Work item :: From the records below, copy out exactly the lines from the one containing "A lady and her" to the one containing "Figure 9. Specialized chairs for HD", both included. Add nothing else.
*** Begin section ***
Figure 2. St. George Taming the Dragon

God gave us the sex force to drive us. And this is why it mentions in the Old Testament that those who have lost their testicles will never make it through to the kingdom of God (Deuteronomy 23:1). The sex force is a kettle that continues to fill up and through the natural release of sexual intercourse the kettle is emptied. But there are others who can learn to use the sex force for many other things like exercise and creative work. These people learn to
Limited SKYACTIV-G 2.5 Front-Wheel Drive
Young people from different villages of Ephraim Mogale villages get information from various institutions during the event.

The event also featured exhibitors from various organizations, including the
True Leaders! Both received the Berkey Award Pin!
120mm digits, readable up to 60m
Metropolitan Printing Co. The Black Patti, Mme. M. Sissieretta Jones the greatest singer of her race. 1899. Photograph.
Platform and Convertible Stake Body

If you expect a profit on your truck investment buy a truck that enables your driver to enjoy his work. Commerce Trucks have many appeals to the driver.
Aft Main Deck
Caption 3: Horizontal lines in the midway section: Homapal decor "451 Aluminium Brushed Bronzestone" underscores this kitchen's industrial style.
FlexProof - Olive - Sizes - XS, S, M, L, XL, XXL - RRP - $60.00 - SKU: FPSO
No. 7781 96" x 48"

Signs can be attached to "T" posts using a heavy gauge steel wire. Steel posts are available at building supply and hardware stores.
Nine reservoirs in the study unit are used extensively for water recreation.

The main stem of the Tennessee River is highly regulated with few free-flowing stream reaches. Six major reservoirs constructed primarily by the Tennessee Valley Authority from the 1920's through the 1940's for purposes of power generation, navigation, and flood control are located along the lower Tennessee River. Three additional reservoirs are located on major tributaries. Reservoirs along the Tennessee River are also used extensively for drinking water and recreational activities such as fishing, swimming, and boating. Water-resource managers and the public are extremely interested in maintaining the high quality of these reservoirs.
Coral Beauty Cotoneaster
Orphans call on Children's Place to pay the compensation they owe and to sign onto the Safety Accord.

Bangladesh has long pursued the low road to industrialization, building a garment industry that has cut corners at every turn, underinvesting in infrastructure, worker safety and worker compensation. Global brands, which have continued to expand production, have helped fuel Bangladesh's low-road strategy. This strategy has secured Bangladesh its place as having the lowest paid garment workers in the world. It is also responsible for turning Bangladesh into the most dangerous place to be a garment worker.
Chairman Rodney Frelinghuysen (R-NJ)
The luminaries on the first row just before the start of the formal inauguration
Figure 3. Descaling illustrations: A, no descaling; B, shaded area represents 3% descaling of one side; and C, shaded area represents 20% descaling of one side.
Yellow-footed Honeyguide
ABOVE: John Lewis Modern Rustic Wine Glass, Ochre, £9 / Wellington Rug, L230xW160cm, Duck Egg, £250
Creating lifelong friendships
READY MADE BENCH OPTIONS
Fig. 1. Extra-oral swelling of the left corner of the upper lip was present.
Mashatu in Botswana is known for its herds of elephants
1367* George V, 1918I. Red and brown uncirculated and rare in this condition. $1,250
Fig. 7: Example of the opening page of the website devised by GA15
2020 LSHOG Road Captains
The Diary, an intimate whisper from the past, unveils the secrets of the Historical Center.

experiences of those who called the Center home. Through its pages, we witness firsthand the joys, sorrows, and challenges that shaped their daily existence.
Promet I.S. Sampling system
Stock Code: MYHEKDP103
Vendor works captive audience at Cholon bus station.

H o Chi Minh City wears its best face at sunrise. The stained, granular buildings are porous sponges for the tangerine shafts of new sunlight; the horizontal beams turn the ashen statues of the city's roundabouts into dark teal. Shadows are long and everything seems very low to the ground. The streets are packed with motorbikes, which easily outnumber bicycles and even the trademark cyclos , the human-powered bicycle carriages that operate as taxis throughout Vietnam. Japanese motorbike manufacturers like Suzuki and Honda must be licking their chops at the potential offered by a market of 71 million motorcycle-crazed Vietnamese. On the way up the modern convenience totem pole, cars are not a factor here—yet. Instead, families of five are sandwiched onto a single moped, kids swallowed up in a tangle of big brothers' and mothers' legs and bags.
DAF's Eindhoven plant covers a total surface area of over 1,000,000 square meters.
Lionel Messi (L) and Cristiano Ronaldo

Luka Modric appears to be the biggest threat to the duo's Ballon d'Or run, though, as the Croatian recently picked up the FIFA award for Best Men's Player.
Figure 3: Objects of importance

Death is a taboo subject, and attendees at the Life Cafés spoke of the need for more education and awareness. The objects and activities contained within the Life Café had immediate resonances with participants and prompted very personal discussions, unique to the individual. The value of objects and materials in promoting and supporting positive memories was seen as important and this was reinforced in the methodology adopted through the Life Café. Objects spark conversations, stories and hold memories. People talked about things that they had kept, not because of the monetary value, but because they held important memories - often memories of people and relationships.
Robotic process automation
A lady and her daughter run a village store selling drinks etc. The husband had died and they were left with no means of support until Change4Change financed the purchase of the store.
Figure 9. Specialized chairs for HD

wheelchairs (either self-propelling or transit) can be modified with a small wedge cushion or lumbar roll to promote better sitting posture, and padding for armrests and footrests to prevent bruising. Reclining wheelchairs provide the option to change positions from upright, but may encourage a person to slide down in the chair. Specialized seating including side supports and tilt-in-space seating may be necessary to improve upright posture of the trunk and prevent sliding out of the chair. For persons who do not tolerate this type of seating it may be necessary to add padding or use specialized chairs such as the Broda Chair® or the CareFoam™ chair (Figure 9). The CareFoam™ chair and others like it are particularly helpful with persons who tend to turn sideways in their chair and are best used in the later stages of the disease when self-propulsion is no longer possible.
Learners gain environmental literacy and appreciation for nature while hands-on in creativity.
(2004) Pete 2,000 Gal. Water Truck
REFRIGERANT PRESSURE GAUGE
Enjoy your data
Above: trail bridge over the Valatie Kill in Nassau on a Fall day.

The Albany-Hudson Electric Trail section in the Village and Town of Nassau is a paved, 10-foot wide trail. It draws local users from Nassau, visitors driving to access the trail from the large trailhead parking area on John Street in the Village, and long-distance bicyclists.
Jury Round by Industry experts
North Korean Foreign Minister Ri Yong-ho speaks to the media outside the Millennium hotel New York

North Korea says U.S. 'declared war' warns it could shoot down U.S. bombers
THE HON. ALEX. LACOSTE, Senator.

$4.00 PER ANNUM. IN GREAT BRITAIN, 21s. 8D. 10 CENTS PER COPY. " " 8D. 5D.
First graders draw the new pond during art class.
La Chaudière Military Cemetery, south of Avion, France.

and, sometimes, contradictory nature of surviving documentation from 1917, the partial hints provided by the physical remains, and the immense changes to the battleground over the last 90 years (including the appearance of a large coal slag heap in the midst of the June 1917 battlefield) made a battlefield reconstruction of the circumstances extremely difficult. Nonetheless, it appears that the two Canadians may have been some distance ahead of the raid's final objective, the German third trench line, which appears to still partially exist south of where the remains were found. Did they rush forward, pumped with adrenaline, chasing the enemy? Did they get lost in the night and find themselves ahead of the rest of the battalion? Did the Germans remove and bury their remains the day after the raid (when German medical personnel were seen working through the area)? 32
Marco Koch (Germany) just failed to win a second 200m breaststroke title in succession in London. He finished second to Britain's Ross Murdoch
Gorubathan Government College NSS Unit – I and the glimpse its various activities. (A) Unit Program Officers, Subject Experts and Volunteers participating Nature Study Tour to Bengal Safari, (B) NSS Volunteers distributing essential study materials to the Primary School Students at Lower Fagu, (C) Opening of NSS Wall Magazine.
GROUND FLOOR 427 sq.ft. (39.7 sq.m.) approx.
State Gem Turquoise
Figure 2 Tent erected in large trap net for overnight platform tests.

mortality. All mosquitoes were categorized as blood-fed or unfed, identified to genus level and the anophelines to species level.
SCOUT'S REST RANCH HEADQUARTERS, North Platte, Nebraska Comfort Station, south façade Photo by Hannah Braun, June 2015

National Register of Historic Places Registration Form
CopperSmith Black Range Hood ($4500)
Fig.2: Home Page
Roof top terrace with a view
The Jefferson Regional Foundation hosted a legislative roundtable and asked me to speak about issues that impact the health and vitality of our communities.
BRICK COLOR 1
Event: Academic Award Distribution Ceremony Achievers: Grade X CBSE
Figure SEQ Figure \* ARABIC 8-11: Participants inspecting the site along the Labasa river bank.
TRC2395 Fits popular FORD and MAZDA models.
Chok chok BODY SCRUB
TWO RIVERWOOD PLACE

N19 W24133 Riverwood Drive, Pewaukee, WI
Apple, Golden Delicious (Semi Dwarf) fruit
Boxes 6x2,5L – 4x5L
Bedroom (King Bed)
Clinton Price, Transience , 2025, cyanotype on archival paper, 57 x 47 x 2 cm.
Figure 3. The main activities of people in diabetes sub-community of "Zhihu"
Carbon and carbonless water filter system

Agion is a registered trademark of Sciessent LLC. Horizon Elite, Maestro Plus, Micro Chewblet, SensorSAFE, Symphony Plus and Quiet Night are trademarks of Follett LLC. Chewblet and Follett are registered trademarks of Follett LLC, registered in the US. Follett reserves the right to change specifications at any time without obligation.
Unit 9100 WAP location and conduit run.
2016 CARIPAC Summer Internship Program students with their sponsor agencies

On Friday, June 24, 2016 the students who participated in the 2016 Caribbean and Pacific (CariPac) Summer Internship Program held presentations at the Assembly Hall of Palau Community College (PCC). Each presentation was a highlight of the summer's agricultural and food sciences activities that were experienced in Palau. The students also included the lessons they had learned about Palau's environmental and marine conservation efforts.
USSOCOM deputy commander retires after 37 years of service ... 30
*** End section ***
Answer to this exercise ::
A lady and her daughter run a village store selling drinks etc. The husband had died and they were left with no means of support until Change4Change financed the purchase of the store.
Figure 9. Specialized chairs for HD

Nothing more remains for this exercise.